But a few weeks ago I realized this entire year has been, off and on, one big, unspoken, 50th anniversary ‘celebration’. We’ve gotten two times that “Summer Hears About Dead St. Lisa”, the entire Eliminator time travel arc, Batiuk digging out his ancient ecology strips to show off how he’s always been preaching from his soapbox, Dinkle reminiscing about the school computer, Crazy remembering his pizza spinning days, Mary Sue Sweetwater’s funeral, staring at the dry, empty, wreck of the old pool as a huge metaphor for what this strip has become.
Act I reminiscing is as old as Act II. That’s why a single week of this didn’t really stand out.

But this year we are INUNDATED with it.
And, so far, none of it has had any deeper meaning or purpose other than member.

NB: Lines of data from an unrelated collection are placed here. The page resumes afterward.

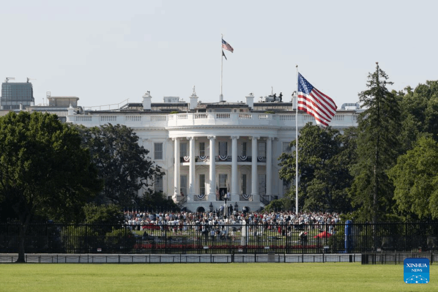 U.S. President Donald Trump speaks on the balcony of the White House in Washington, D.C., the United States, on July 4, 2025. Trump signed his landmark policy bill, the One Big Beautiful Bill, into law on Friday afternoon. (Xinhua/Hu Yousong)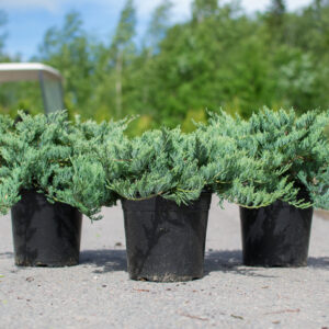 Matala- ja tiheäkasvuinen maanpeitekataja. Neulaset ovat kauniin siniharmaat.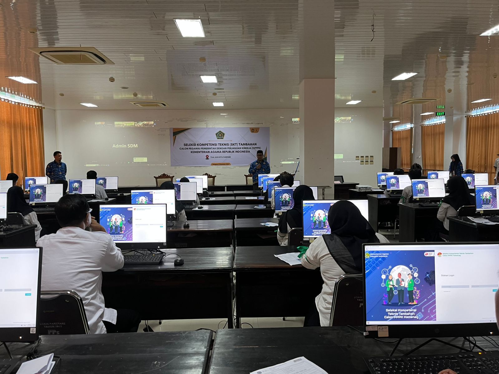 Humas IAIN Parepare—Tes Seleksi Kompetensi Teknis Tambahan (SKTT) Pegawai Pemerintah dengan Perjanjian Kerja (PPPK) Kementerian Agama (Kemenag) Tahun 2024 dilaksanakan serentak pada Selasa, 17 Desember 2024. IAIN Parepare menjadi salah satu lokasi pelaksanaan, bertempat di Gedung Perpustakaan lantai 4.

Batiuk broke his arms patting himself on the back over how he let his characters age, and broke the UNWRITTEN RULE OF COMICS that time is not allowed to pass.
The Second Cartooning Commandment: Thou shalt return to “Go” at the start of each new strip, and your characters shall never grow up.
I refer to this as the “Peter Pan Principal,” and it’s one of the reasons that the newspaper comics have been relegated to the stagnant backwaters of the entertainment industry. Okay, before I continue, I should acknowledge that I’m speaking in the broadest of generalities here and that there have been, and still are, obvious and wonderful exceptions to what I’m about to say. I get that, I accept that, and I don’t care about that. I’m trying to make a point here, and I don’t want the waters muddied with contradictory facts and stuff. Simply put, I had moved my characters into their adult lives and was on a roll with the work collected in this volume as I attempted to plot their futures. Meanwhile, their companions on the comics page were on a roller coaster that returned to the same starting point every day. Every. Day.
From The Complete Funky Winkerbean Volume 9
This has been posted before, maybe even by me, but every time it makes me roll my eyes. Because yeah, maybe Mary Worth, or Dicky Tracey, or Spiderman or Gil Thorpe are always some ambiguous age within an established decade of life that they’re not allowed to progress beyond, but comic book time passes for them. A character from a previous storyline shows up years and years later, and what happened in that previous story is relevant to the plot.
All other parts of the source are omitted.